Specifically, she writes to “the laity” and wants them to do supportive things for the clergy, as if the solution to the struggle of clergy right now is to just get a little love and some casseroles and more vacation time.

Well, I feel it might be good to say a few truer things about this situation than that, so this is my “moderates reap what they sow” commentary on the current state of the church and the struggle clergy may find themselves in.

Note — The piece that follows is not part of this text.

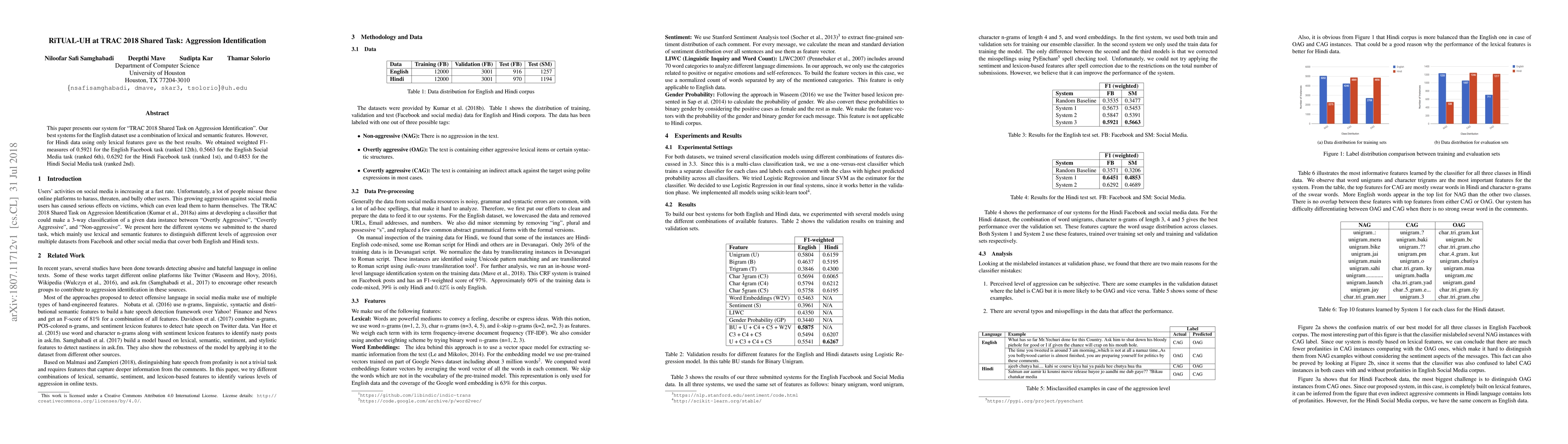 This paper presents our system for "TRAC 2018 Shared Task on Aggression Identification". Our best systems for the English dataset use a combination of lexical and semantic features. However, for Hindi data using only lexical features gave us the best results. We obtained weighted F1- measures of 0.5921 for the English Facebook task (ranked 12th), 0.5663 for the English Social Media task (ranked 6th), 0.6292 for the Hindi Facebook task (ranked 1st), and 0.4853 for the Hindi Social Media task (ranked 2nd).
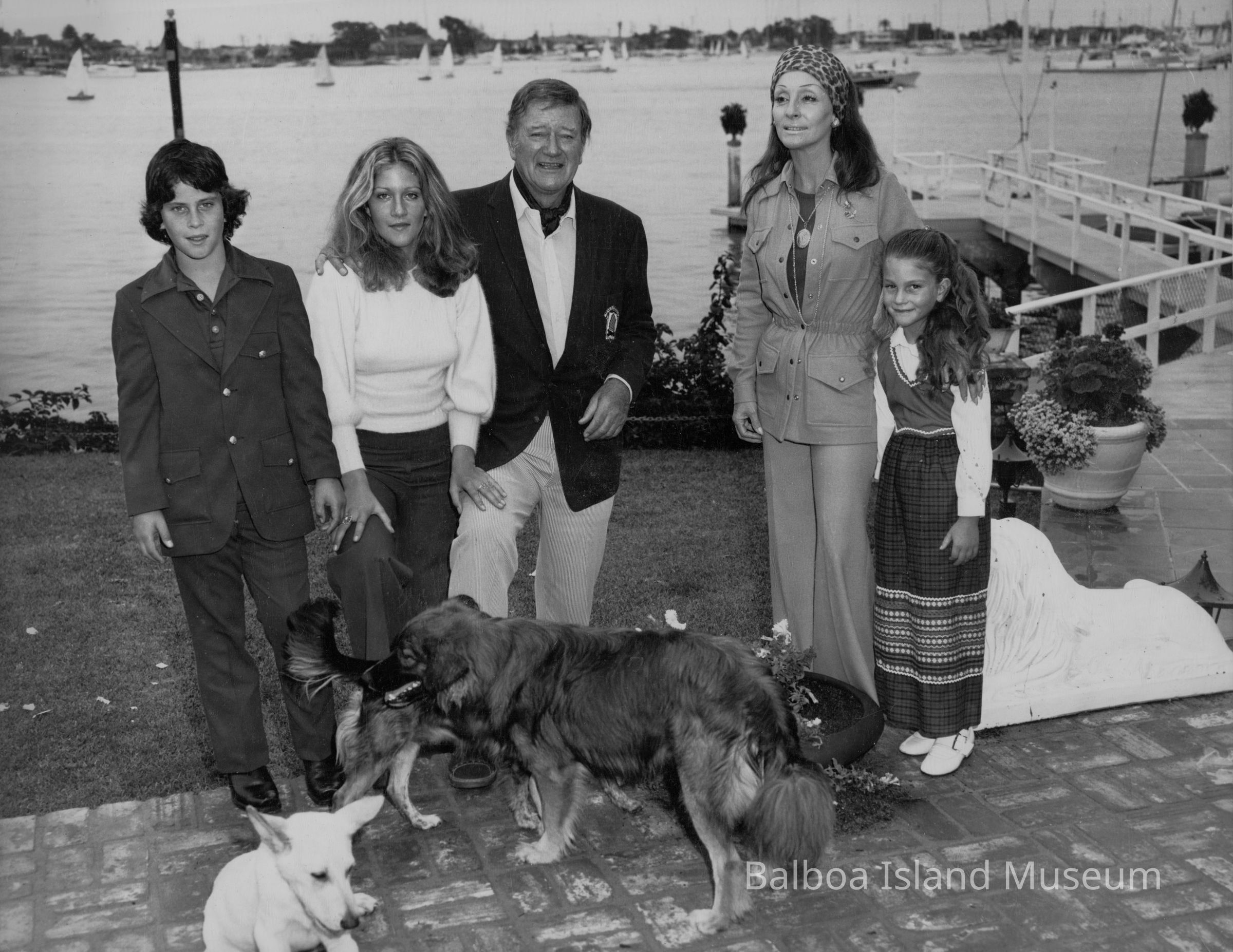 Photo of the Wayne Family with their three dogs in front of the dock of their Bayshore home as a laminated 8"x10" photographPhotograph Details

  1. Can we please be done with the term “laity”? Last I checked the people of God were all in mission together. Setting up the laity as the ones who need to help cushion the clergy makes it sound like the clergy are doing all the heavy lifting while the laity make their coffee.
  2. Things aren’t going to be better for clergy just because a few people read a blog post and then start cheering for their pastors more frequently. If your tenacity for pastoral ministry is grounded in an extra week of vacation and more hand-clapping for your sermons, then you might as well move on to something else.
  3. Let’s be real. Some parts of pastoring through the pandemic were complex, and we had to create solutions, but pastoring during the pandemic was still a cakewalk compared to nursing, teaching in public schools, doctoring, deboning chicken in the factory, etc. Acting like this pastoring this is so arduous is a very weird flex.
  4. Pastors, if in 2020 you were serving a congregation in which some members of the church genuinely thought a January 6th attempted coup would be okay, or were ready to believe that a vaccine contained microchips, or look to Qanon for wisdom, then you weren’t really doing your job. If things are hard now, get to it. You’ve got work to do.
  5. But most importantly, the pandemic was a tremendous opportunity to remind ourselves of something that has been true all along throughout the history of the church: we’re in this together. Healthy clergy don’t need bloggers to tell the laity to support them. Healthy clergy figure out how to be non-anxious enough to ride through the pandemic while inviting the people of God into what they see as the current calling of the church to serve the world and neighbors in need.

Here’s my personal testimony: the pandemic was hard for me, like it was hard for everyone. It was surprisingly exhausting in ways I didn’t anticipate, it changed the world in enough ways I see everything differently now, and we closed our indoor worship experience for almost eighteen months, something I never would have imagined.

But we also launched a new ministry with our Marshallese neighbors, gathered hundreds of thousands of dollars in donations to help people pay rent and utilities and get fed, launched Queer Camp, and live-streamed our hearts out and explored how to deepen the experience of church as digitally social mediated.

I guess what I’m saying is this: it’s not the job of “the laity” to fix things for the clergy. Leaders lead. If you can’t lead, don’t do that gig. Without a vision the people perish. Right? Well, the vision simply can’t be, “The people need to be nice enough to me.” That’s not a vision.

A vision is more like, “Hey, this has been one hairy and terrible moment. Let’s mourn together, and pray, and listen to what God has in store for us next. And if you have crazy ideas at odds with the gospel of Christ, and those ideas exclude the most vulnerable the church is called to serve, then you’ll need to go find somewhere else to be with your crazy, because this here is the church of Christ.”

Oh, and one more thing: if the survival of the church is dependent on assigning the “laity” the task of buttressing the emotions of clergy, then we might as well let the church die.